Flying Cars: Fact, Fiction and the Road to Manufacturing


“Where we’re going, we don’t need roads.” It’s a classic line from “Back to the Future” — Doc Brown has returned from the future and the iconic DeLorean can now fly. Companies like Uber and Toyota are spending big on research for flying cars. This begs the question: Where’s the fact, what’s the fiction and how far are we from getting these cars off the ground?

Promising Potential

The first “true” gasoline-powered automobile was created in 1885; the first manned flight took place less than 20 years later. And for the past century, humankind has been looking for ways to combine these types of transportation — often with limited success. As noted by the Washington Post, key advancements — such as the use of non-metal body structures and electric power rather than heavy gasoline engines — have helped jump-start flying-car efforts, encouraging both investment and innovation. A recent Forbes piece suggests that this could be a “breakthrough year” for flying vehicles, with some companies planning to deploy market-ready models by 2019.
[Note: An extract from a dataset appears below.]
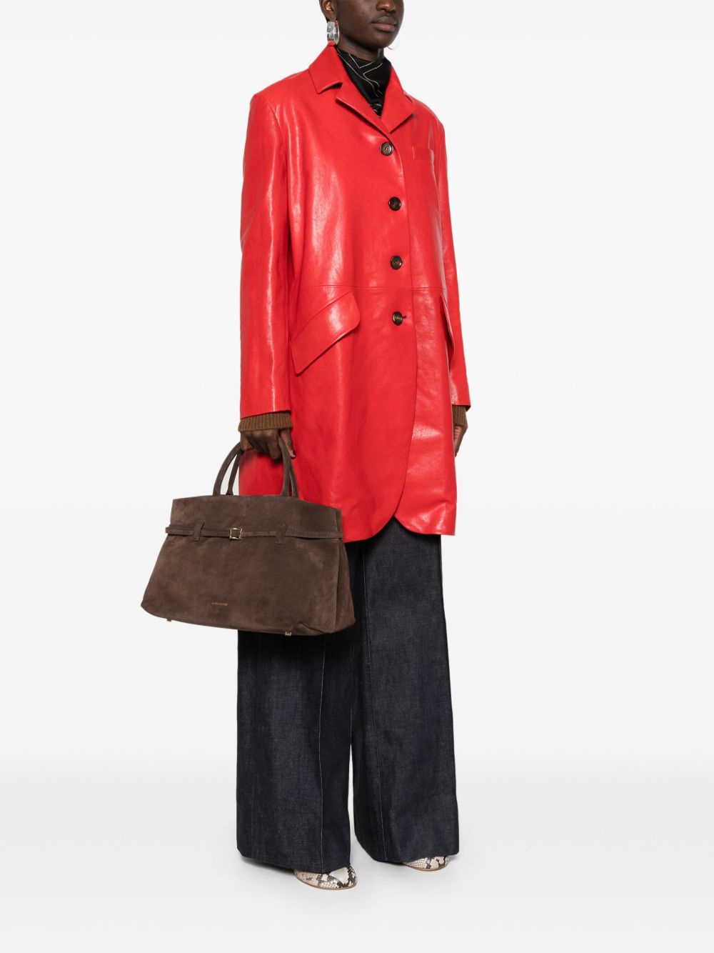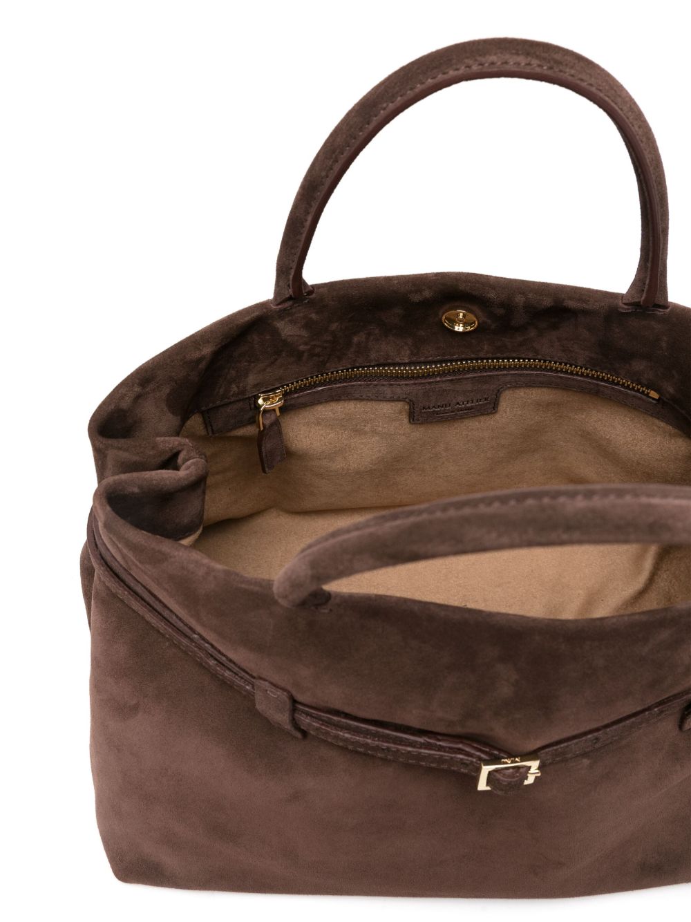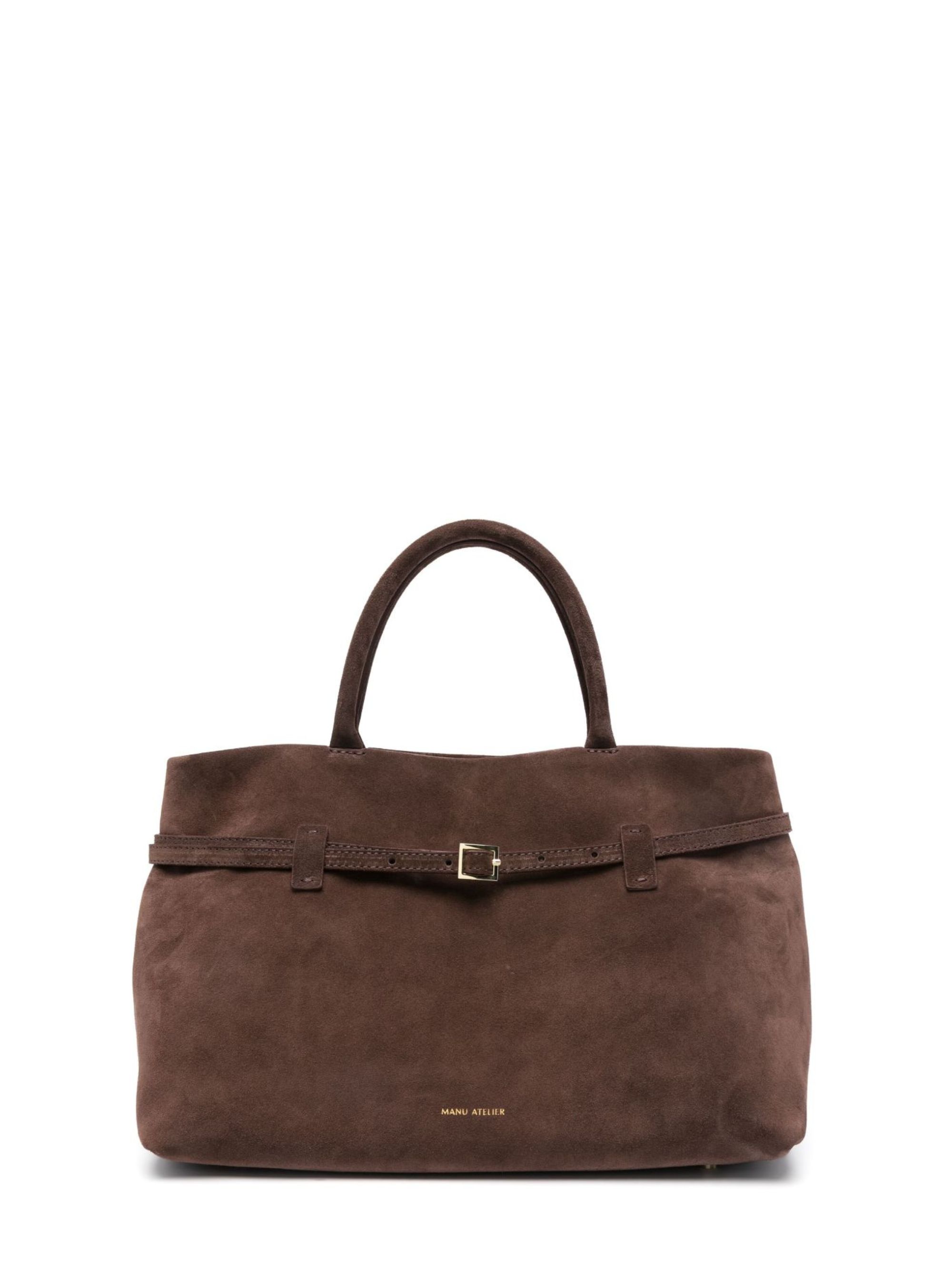 cedar brown calf suede concealed magnetic fastening two rolled top handles logo stamp to the front decorative buckle detail logo-engraved gold-tone hardware main compartment internal zip-fastening pocket internal logo tag suede lining This piece comes complete with a protective dust bag.

Single Purpose or Multifunction?

What does a flying car look like? Several designs have emerged over the past few years — for example, Toyota is backing a three-wheeled, one-person vehicle which uses four sets of propellers to take flight. Other companies envision flying cars which mimic traditional vehicles in terms of carrying capacity and aesthetic. Uber, meanwhile, wants to create a fleet of VTOL (vertical takeoff and landing) taxis which will shuttle passengers between designated landing pads.

Ultimately, flying-car function comes down to a simple question: Are these vehicles single-purpose or do they need to perform equally well on ground and in flight? Given the dual challenges of urban density and federal airspace regulation, the most likely outcome here is vehicles which can drive to designated air strips or landing pads and then safely take to the skies.

Engineering Efficiency

A block of metallic microlattice being supported by a dandelion seed head (Wikimedia Commons).

Beyond form, however, there’s the challenge of getting these cars into the sky — and keeping them there. One of the biggest setbacks of previous flying-car efforts was weight; consider the development of micro-lattice materials, which are 100 times lighter than styrofoam and have the strength of conventional metals. These and other materials could be used to build lighter batteries, cockpits and motor parts.

And as noted by Singularity Hub, motors are another critical factor. All-electric aircraft such as the Lilium use multiple motors to get off the ground — this multiplicity functions as a fail-safe if one motor stops working. As to powering new airborne vehicles, think green: Batteries and electricity are the likely choice since gas-powered engines are simply too heavy. Achieving sustained flight, however, will require both bigger battery storage and potentially the inclusion of small solar panels to charge vehicles in-flight.

Law of the Skies

Innovators have created viable flying-car forms, while evolving power sources and materials make it possible to achieve liftoff. This leads to a critical question: What does traffic look like when no one’s on the road? Ideally, more flying cars means fewer vehicles on highways, but how do governments regulate airborne automobiles? One option is the creation of designated “highways” for flying cars, reducing the chance of accidental injury or property damage. As noted by the Forbes piece, that’s part of the discussion currently underway at Amazon as the online giant looks to roll out drone-based delivery.

There’s also the problem of actually “driving” these vehicles, since most operators may not be licensed pilots. One solution is the Uber model, where riders don’t own the vehicle and drivers are trained aviators. This dovetails nicely with the potential cost of these vehicles — north of $1 million — but that could change if economies of scale catch up with flying-car markets. In a personally owned flying-car scenario, the more likely option is computer-controlled navigation to prevent airborne collisions and ensure safe routes are followed. Safety is also a concern; what happens when flying cars experience technical issues or unexpected motor failure? Parachutes might save onboard occupants, but what about collateral damage? Ultimately, federal agencies like the FAA will be looking for much more rigorous testing, retesting and independent evaluation before flying vehicles gain widespread approval.

Flying cars aren’t that far off — expect the next five years to showcase both viable market options and uncover significant adoptive challenges on the path to personal flight.